INTELLIGENT COMMENT AND INSIGHT INTO THE LATEST GLOBAL INDUSTRY MARKET TRENDS

august

2nd

by Chris Ross

Could smaller be beautiful for restructuring pharma?

Close examination of the pharmaceutical industry at present reveals a fairly troubled patient. The symptoms have gradually been deteriorating; drug development costs are soaring, R&D pipelines have yielded limited returns resulting in a steady drop in the number of product launches, and generic competition has intensified. At the same time, patent expiries have hit hard, with more pain to follow soon. In addition, the global healthcare market has shifted, with emerging stakeholders – most notably patients and payers – assuming greater importance and forcing pharma to take a different approach.

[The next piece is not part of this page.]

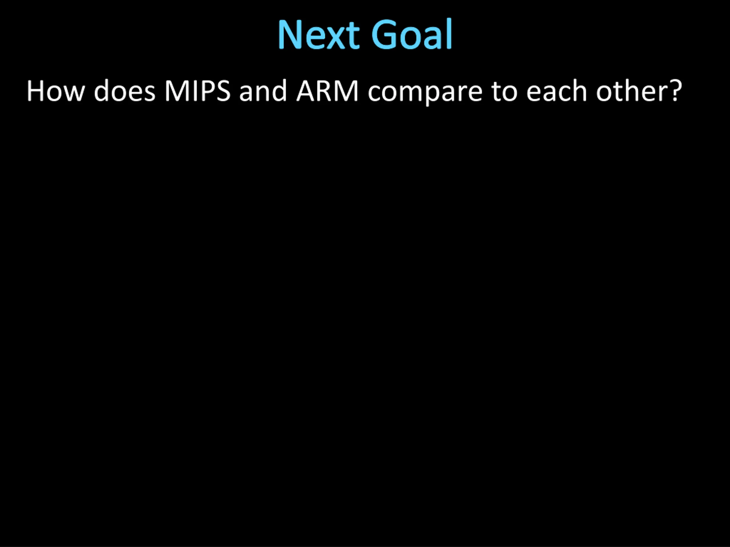 Next Goal How does MIPS and ARM compare to each other?

With global healthcare budgets under the microscope, pharma is under intolerable pressure to reduce the cost of its medicines.

Faced with such a bleak diagnosis, pharma is restructuring. More specifically, in recognition of the suggestion that bigger is not necessarily better, pharma is downsizing. At the start of 2007, the world’s biggest drug company, Pfizer, announced a cost-cutting programme that included 10,000 job losses – 10% of its global workforce. The measures, which it hopes will yield annual gross savings of around $5 billion, will significantly reduce its R&D, sales and marketing and manufacturing operations.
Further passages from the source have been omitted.